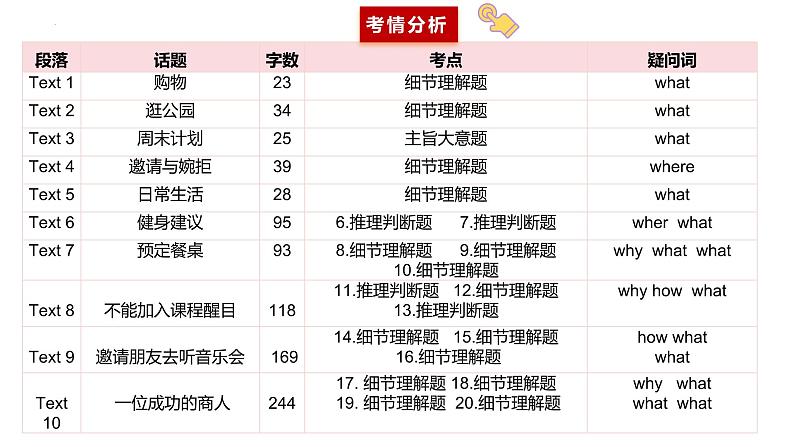 2024年新课标II卷听力部分围绕高中新课标话题及主题语境设计,加强内容和形式创新。录音材料涵盖了日常生活,如:购物、逛公园、周末计划、做课程项目、去听演唱会、讲述一位商人成功的秘诀-注重人际关系等。这些内容不仅贴近日常生活,易于带入语境、理解材料,而且有效考查学生运用英语进行日常交际以及解决实际问题的能力。考点:15个获取事实性具体信息(细节理解题)、4个对所听内容作出简单推断(推理判断题)、1个理解主旨大意题、0个理解说话者观点态度题。疑问词:问题涉及多个方面和多个角度,采用13个what-, 2个where-, 3个why-, 2个hw-等疑问词引出的问句进行提问。 口音: 美音词数:866语速:152词/分(和去年相比略有提升)结构变化:第二节的结构2-3-3-3-4(对比2024年新高考I卷为2-3-3-4-3)。
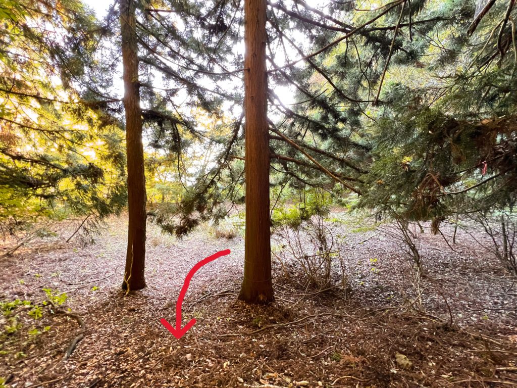 なんとなくですが…この2本の大きな木の間を通って行く感じですかね(;^ω^)
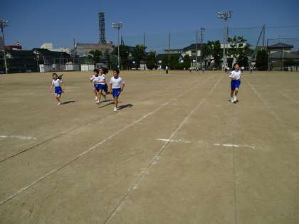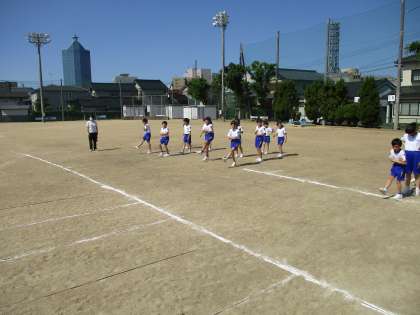 暑い日が続いていますが、子供たちは元気に体育科の授業に取り組んでいます。今日は、様々な体勢からスタートダッシュをして、素早く走る運動をしました。
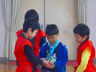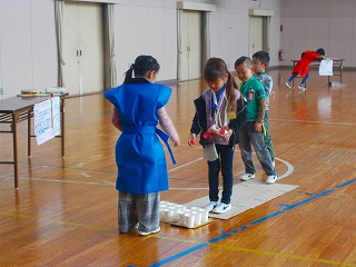 ハッピをきたお店屋さんの2年生はやる気満々、お客さんの1年生はワクワクドキドキで、「おもちゃランド」がスタートしました。おもちゃのもち方などコツを教えてあげたり、点数が入らなかった時に「もう1回いいよ」と言ってあげたりなど、2年生の優しい姿があちらこちらで見られました。色とりどりのメダルをいっぱいもらって、みんなで楽しく遊ぶことができて、1年生も大満足でした。
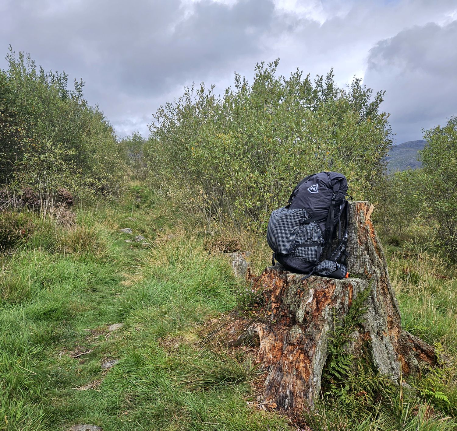 It’s time for a rest after that climb through the dense forest. The area has become more open now, and this tree stump provides a good seat for my rucksack.
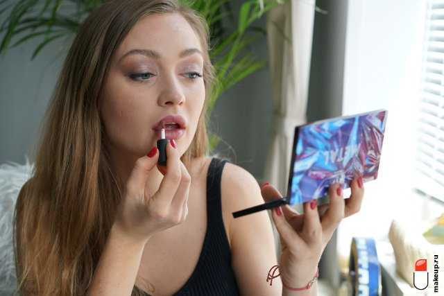 Губы накрасьте матовой кремовой помадой, поверх которой распределите немного румян.
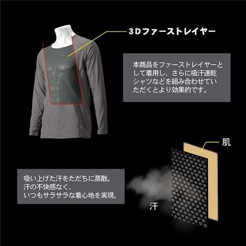 長袖タイプ優れた吸汗速乾性と抜群の軽量性ストレッチ性抗菌防臭加工立体メッシュ様々なスポーツで活躍。 |
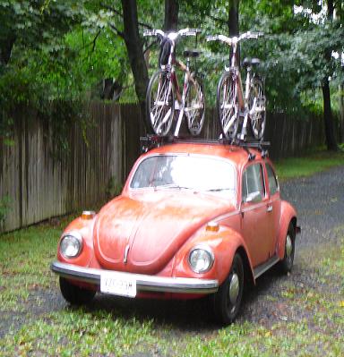 after my retirement in 2009 and some travel around the country. The photo shows him with our bikes mounted on the roof rack. For a couple years he sat in the garage and simply provided me with a car while I was in town. But in the Spring of 2009, my wife's own car died, and so for a while she was been driving Yoda around Princeton until she bought another car. There aren't that many old Beetles still on the road, so he attracted some attention. While sitting at an intersection, I've had a woman shout at me from a passing car, "Love your bug!"
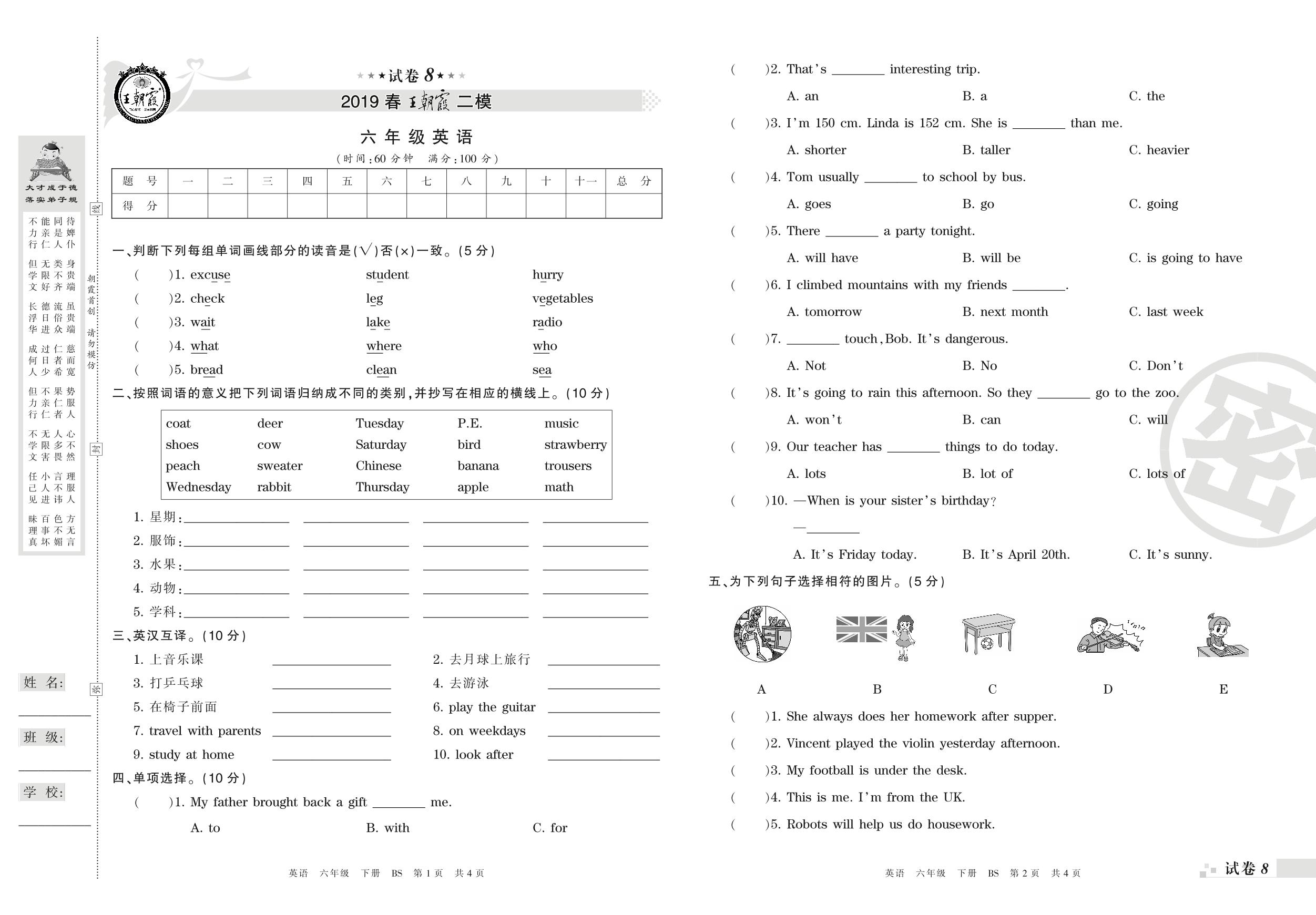 王朝霞期末模拟卷六年级下册英语(北师版)_R210807165246【8】
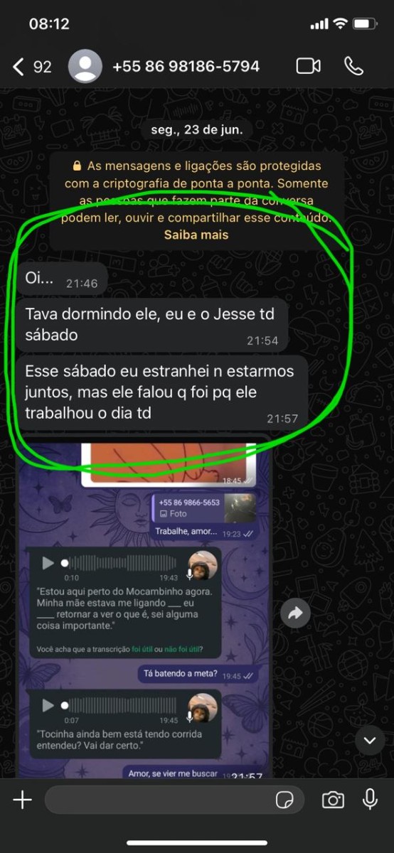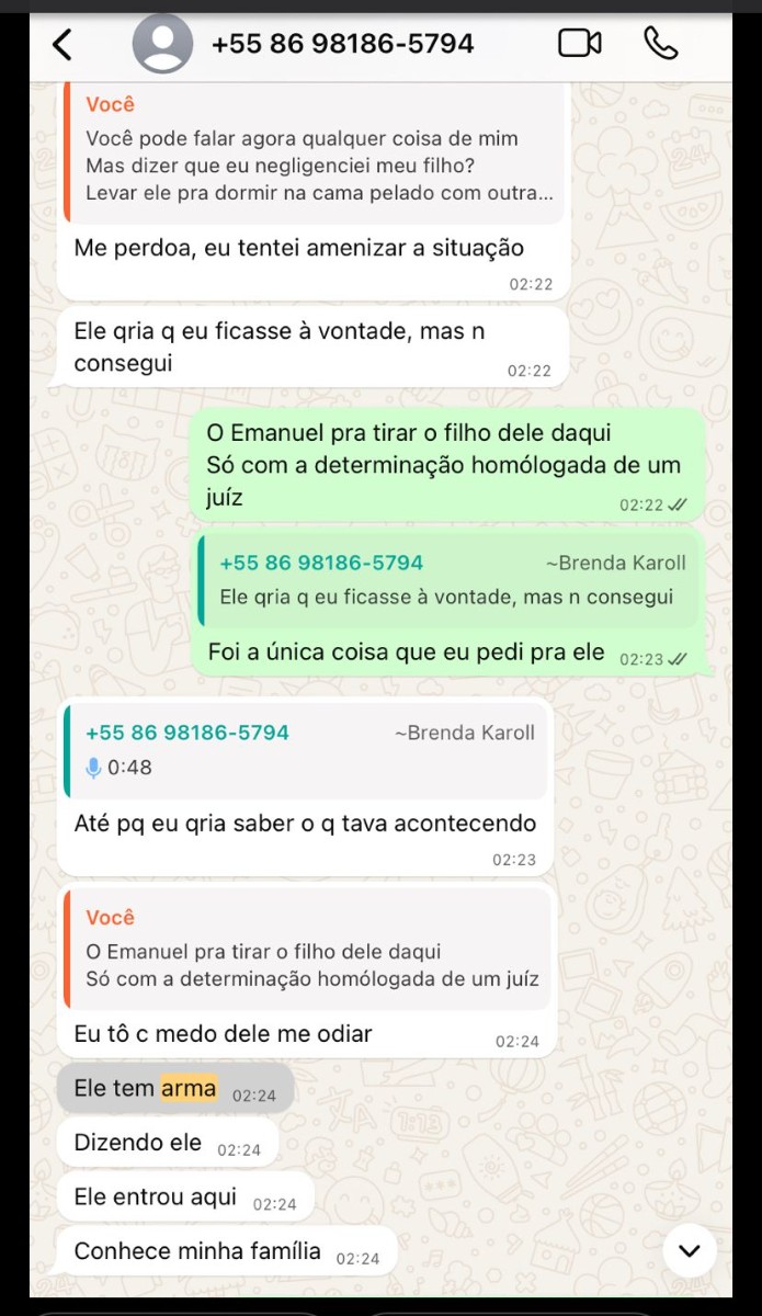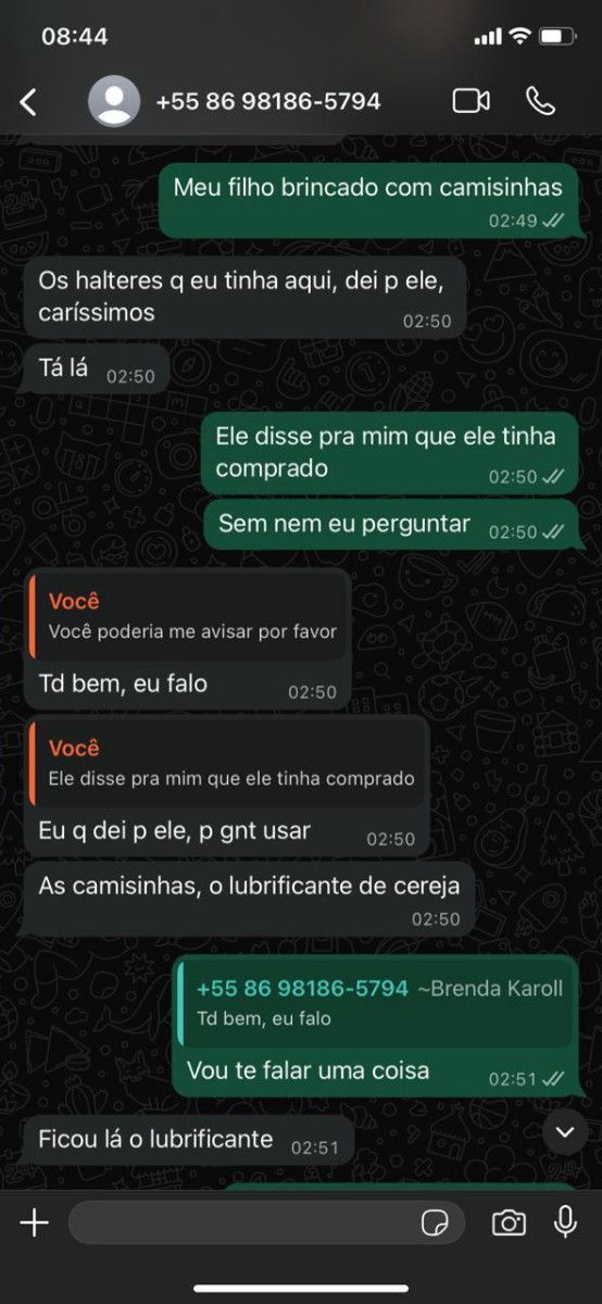 Depois de muita exposição na internet – pois Teresina tem muita gente desocupada que gosta de tambor batendo para poder dançar –, comecei a questionar certas atitudes de pré-adolescente da Brenda. Ela não parava de pedir PIX para o pai, tinha crises de criança quando contrariada; presenciei dezenas de infantilidades de alguém que só depois entendi por que ninguém a assumia, por que queriam apenas usá-la. Nisso, Morgana começou a entrar em contato comigo. Eu evitava responder com medo de ser uma armadilha por causa da medida protetiva, mas percebia como Brenda ficava nervosa.
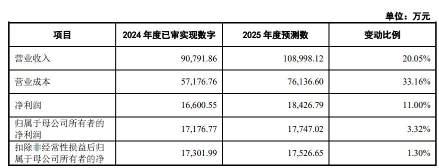 固德电材预测2025年度实现营业收入10.90亿元,较上年增长20.05%;预测2025年度归属于母公司所有者的净利润为1.77亿元,较上年增长3.32%;预测2025年度扣除非经常性损益后归属于母公司所有者的净利润为1.75亿元,较上年增长1.30%。

Instructions to follow = Repeat only the lines between the top of the entries above and the line containing "王朝霞期末模拟卷六年级下册英语(北师版)_R210807165246【8】", both ends included, without the pictures.

Output of the task =
 2024年新课标II卷听力部分围绕高中新课标话题及主题语境设计,加强内容和形式创新。录音材料涵盖了日常生活,如:购物、逛公园、周末计划、做课程项目、去听演唱会、讲述一位商人成功的秘诀-注重人际关系等。这些内容不仅贴近日常生活,易于带入语境、理解材料,而且有效考查学生运用英语进行日常交际以及解决实际问题的能力。考点:15个获取事实性具体信息(细节理解题)、4个对所听内容作出简单推断(推理判断题)、1个理解主旨大意题、0个理解说话者观点态度题。疑问词:问题涉及多个方面和多个角度,采用13个what-, 2个where-, 3个why-, 2个hw-等疑问词引出的问句进行提问。 口音: 美音词数:866语速:152词/分(和去年相比略有提升)结构变化:第二节的结构2-3-3-3-4(对比2024年新高考I卷为2-3-3-4-3)。
 なんとなくですが…この2本の大きな木の間を通って行く感じですかね(;^ω^)
 暑い日が続いていますが、子供たちは元気に体育科の授業に取り組んでいます。今日は、様々な体勢からスタートダッシュをして、素早く走る運動をしました。
 ハッピをきたお店屋さんの2年生はやる気満々、お客さんの1年生はワクワクドキドキで、「おもちゃランド」がスタートしました。おもちゃのもち方などコツを教えてあげたり、点数が入らなかった時に「もう1回いいよ」と言ってあげたりなど、2年生の優しい姿があちらこちらで見られました。色とりどりのメダルをいっぱいもらって、みんなで楽しく遊ぶことができて、1年生も大満足でした。
 It’s time for a rest after that climb through the dense forest. The area has become more open now, and this tree stump provides a good seat for my rucksack.
 Губы накрасьте матовой кремовой помадой, поверх которой распределите немного румян.
 長袖タイプ優れた吸汗速乾性と抜群の軽量性ストレッチ性抗菌防臭加工立体メッシュ様々なスポーツで活躍。 |
 after my retirement in 2009 and some travel around the country. The photo shows him with our bikes mounted on the roof rack. For a couple years he sat in the garage and simply provided me with a car while I was in town. But in the Spring of 2009, my wife's own car died, and so for a while she was been driving Yoda around Princeton until she bought another car. There aren't that many old Beetles still on the road, so he attracted some attention. While sitting at an intersection, I've had a woman shout at me from a passing car, "Love your bug!"
 王朝霞期末模拟卷六年级下册英语(北师版)_R210807165246【8】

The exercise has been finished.